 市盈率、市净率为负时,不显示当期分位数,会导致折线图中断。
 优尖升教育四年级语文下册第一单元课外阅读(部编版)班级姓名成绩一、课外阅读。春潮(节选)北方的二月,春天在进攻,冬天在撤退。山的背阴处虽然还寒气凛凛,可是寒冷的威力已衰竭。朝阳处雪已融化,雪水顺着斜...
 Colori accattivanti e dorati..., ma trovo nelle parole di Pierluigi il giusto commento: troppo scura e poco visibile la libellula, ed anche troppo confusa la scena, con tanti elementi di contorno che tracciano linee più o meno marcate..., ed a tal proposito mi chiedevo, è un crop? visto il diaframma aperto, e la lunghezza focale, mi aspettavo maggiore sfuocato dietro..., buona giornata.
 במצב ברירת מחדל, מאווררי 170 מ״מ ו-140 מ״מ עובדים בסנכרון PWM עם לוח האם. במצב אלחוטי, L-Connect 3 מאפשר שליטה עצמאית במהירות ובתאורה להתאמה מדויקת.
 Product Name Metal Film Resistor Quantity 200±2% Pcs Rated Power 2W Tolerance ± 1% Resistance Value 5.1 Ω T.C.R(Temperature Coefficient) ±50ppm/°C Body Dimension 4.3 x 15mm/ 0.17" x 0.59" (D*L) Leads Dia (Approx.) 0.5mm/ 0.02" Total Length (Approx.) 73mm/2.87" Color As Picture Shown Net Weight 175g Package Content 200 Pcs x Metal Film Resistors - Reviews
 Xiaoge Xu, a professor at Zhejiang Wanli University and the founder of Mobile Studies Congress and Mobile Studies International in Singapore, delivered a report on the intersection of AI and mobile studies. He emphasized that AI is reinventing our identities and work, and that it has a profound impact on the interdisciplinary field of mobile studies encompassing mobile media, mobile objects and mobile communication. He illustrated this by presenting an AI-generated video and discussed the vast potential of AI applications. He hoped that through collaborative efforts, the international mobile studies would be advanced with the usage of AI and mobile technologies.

------------------------------------------------

▶ Your assignment
In the listing above, please print only the lines from the first one to the line where "Colori accattivanti e" appears, exactly as written, both of those lines included.

▶ Written answer
 市盈率、市净率为负时,不显示当期分位数,会导致折线图中断。
 优尖升教育四年级语文下册第一单元课外阅读(部编版)班级姓名成绩一、课外阅读。春潮(节选)北方的二月,春天在进攻,冬天在撤退。山的背阴处虽然还寒气凛凛,可是寒冷的威力已衰竭。朝阳处雪已融化,雪水顺着斜...
 Colori accattivanti e dorati..., ma trovo nelle parole di Pierluigi il giusto commento: troppo scura e poco visibile la libellula, ed anche troppo confusa la scena, con tanti elementi di contorno che tracciano linee più o meno marcate..., ed a tal proposito mi chiedevo, è un crop? visto il diaframma aperto, e la lunghezza focale, mi aspettavo maggiore sfuocato dietro..., buona giornata.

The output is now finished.